Goodsir looks up at the sound of a polite cough.
"And the rest of it?"
The youth stands straight now, but with a saucy cant to his hip, boots crossed at the ankles for optimal display. There is a knife in his hand, a folding knife with a blade no longer than a man's finger. By the look of it, it is very sharp.
Goodsir says, "Oh."
It registers on him only dully that this is a robbery. The pleasure of his expenditure fades from him only slowly, like the memory of a good cup of tea.

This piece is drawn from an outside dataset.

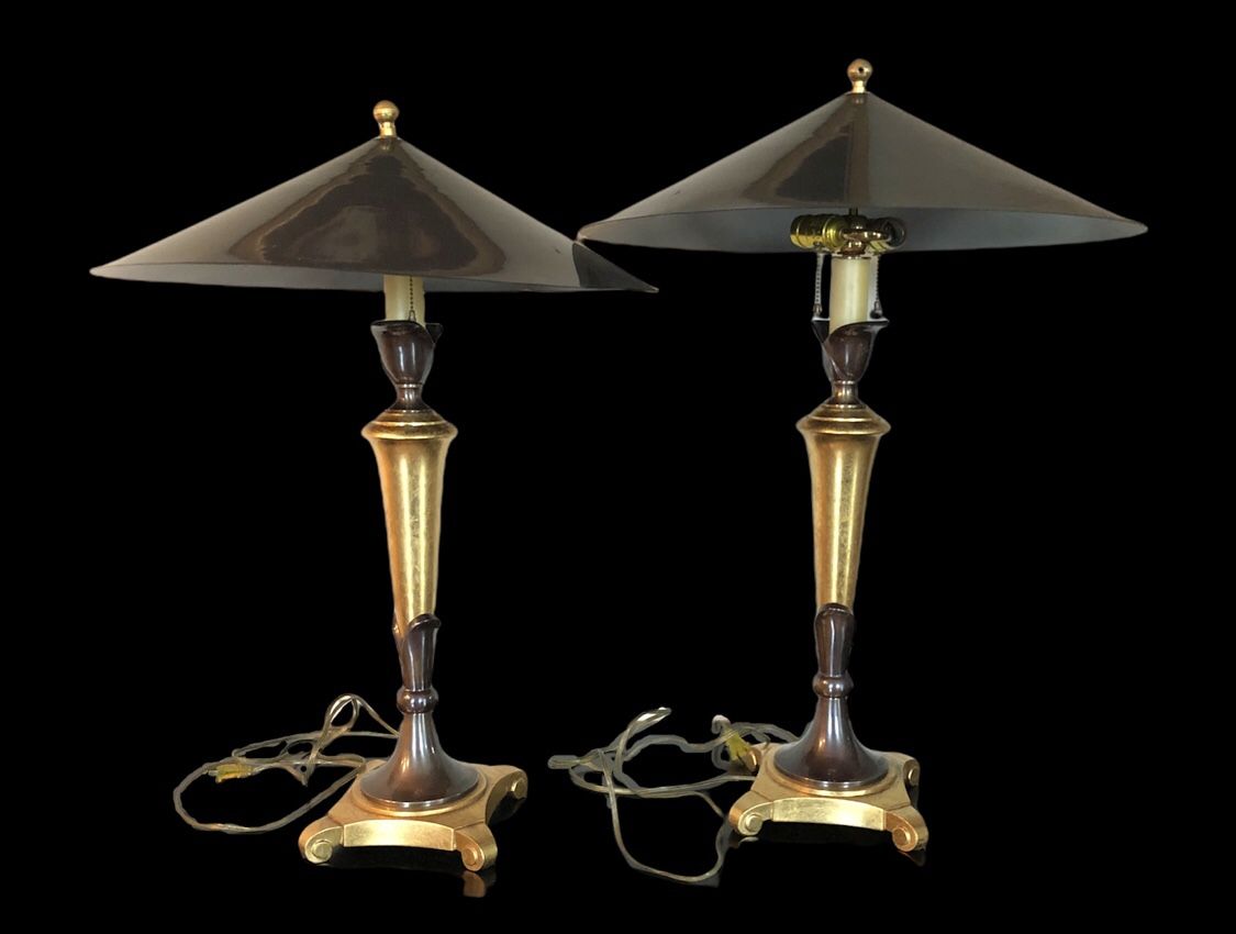 Frederick Cooper Chicago lamps, can be slightly adjusted for different heights. At their lowest height it’s 28.5” and its highest at 30.5”. Each lamp uses two bulbs. The metal dome like shades can be removed as well, they are 22” in diameter. Each lamp weighs around 15 pounds. Gold and brown in color.

This isn't the worst thing that could happen to a man alone — next to a beating or a discovery, it's nothing. He isn't in the habit of carrying much on his person at the best of time — his pockets are stuffed with papers and books, pencil-stubs and torn tickets. No more than a few shillings at any given time. Nothing such an assailant might want.
"And your watch," the man says. "There's a policeman walks these streets, not far from here, and he'd be interested to know what you were doing in the Gardens after dark."
Such a wiry young fellow must be confident in his prowess to mount such a maneuver against a man larger than himself; he waves the blade around like a pipe-stem, with no especial sense of urgency as if the very fact of it will get him what he wants. It's more of a gesture than anything else, and Goodsir must comply.
"You don't know where to put that thing, do you?"
"I could say the same for yourself, old cove." The man clinches him close, drawing in the knife — something snags on the fabric of his waistcoat. Goodsir stiffens, ready to wrench back this stranger's arm and assess the damage, but before he can blink the man has only slit the lining of his pocket, and shaken out the coins into his hand.
Mechanically, Goodsir unhooks his watch as he is bidden and hands it over — Edward, if Edward is his name, dutifully secures it in his own pocket and folds the knife away.
"Keep out of the wet, then." The man grins at him, absurdly pleased with himself for the trick he's played. Goodsir's cheeks burn like a schoolboy's.